Penderita sirosis hati harus meringankan beban kerja hati. Aktivitas sehari-hari disesuaikan dengan kondisi tubuh. Pemberian obat-obatan (hepatotoksik) harus dilakukan dengan sangat hati-hati. Penderita harus melakukan diet seimbang, cukup kalori, dan mencegah konstipasi. Pada keadaan tertentu, misalnya, asites perlu diet rendah protein dan rendah garam. Terapi ditujukan mengurangi progresi penyakit, menghindarkan bahan-bahan yang bisa menambah kerusakan hati, pencegahan dan penanganan komplikasi. Bilamana tidak ada koma hepatik diberikan diet yang mengandung protein 1 gr/KgBB dan kalori sebanyak 2000-3000 kkal/hari atau 3540 kcal/kgBB/hari dengan protein berkisar antara 1,2-1,6 g/kgBB bergantung pada derajat malnutrisi dan kondisi lain yang dialami pasien. Dalam preskripsi diet pasien sirosis hati, tidak ada pembatasan asupan karbohidrat walaupun pasien mengalami resistensi insulin (Tsiaousi, et.al., 2008). Pada pasien yang mengalami liver injury pada kasus yang akut dan kronik sering ditemukan balans nitrogen negative. Oleh karena itu, sering ditemukan adanya pemecahan protein oleh otot karena

sintesis protein atau pemecahan protein yang dilakukan oleh hati telah menurun fungsinya. Dalam memberikan treatment mengenai protein, yang perlu diperhatikan adalah menghindarkan pasien sirosis dari kejadian malnutrisi serta menghindarkan pasien dari encephalopathy hepar. Untuk itu, selain mengatur protein yang diberikan, asupan karbohidrat dan lemak juga perlu diperhatikan untuk mencegah terjadinya pemecahan yang mengakibatkan malnutrisi. Pada pasien sirosis, rasio asam amino rantai cabang (BCAA) misalnya isoleusin, leusin, dan valine) terhadap asam amino aromatic misalnya fenilalanin, triptofan, dan tirosin sering ditemukan abnormal terutama pada pasien yang mengalami malnutrisi. Menjaga resiko kedua macam asam amino ini dapat menghindarkan pasien dengan sirosis terhadap kejadan ensefalopathy hepatic (Lieber, 1999).

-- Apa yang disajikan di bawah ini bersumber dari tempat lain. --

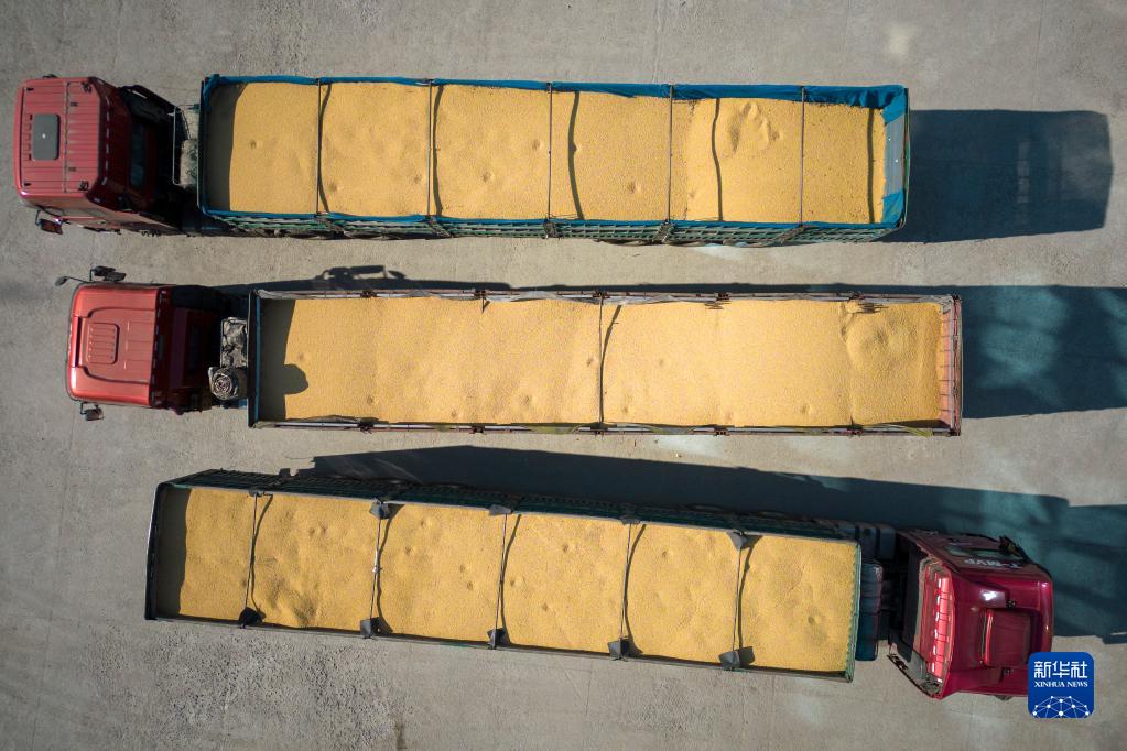 這是10月25日拍攝的裝滿(mǎn)大豆的運糧車(chē)在綏化市益盛糧食購銷(xiāo)有限公司院內等待入庫(無(wú)人機照片)。

Spontaneous bacterial Peritonitis Bentuk peritonitis yang paling sering ialah Spontaneous bacterial Peritonitis (SBP) dan peritonitis sekunder. SBP terjadi bukan karena infeksi intra abdomen, tetapi biasanya terjadi pada pasien yang asites terjadi kontaminasi hingga kerongga peritoneal sehingga menjadi translokasi bakteri munuju dinding perut atau pembuluh limfe mesenterium, kadang terjadi penyebaran hematogen jika terjadi bakterimia dan akibat penyakit hati yang kronik. Semakin rendah kadar protein cairan asites, semakin tinggi risiko terjadinya peritonitis dan abses. Ini terjadi karena ikatan opsonisasi yang rendah antar molekul komponen asites pathogen yang paling sering menyebabkan infeksi adalah bakteri gram negative E. Coli 40%, Klebsiella pneumoniae 7%, spesies Pseudomonas, Proteus dan gram lainnya 20% dan bakteri gram positif yaitu Streptococcus pnemuminae 15%, jenis Streptococcus lain 15%, dan golongan Staphylococcus 3%, selain itu juga terdapat anaerob dan infeksi campur bakteri. Mekanisme hepatorenal sindrom akibat dari sirosis hati atau penyakit hati akut lain dan bersama-sama dengan hipertensi portal akan mengakibatkan vasodilatasi arteri splanknik. Vasodilatasi ini akan mengakibatkan hipovolemi atau arteri sentral sehingga merangsang aktivasi system rennin angiostensis aldosteron, dan hormone antidiuretik yang secara keseluruhan akan menyebabkan vasokontriksi pembuluh darah ginjal. Di ginjal seharusnya akan terjadi mekanisme kompensasi, namun dengan alasan yang belum jelas justru terjadi ketidakseimbangan mekanisme kompensasi ini, yaitu meningkatnya vasokontriktor disertai penurunan vasodilator.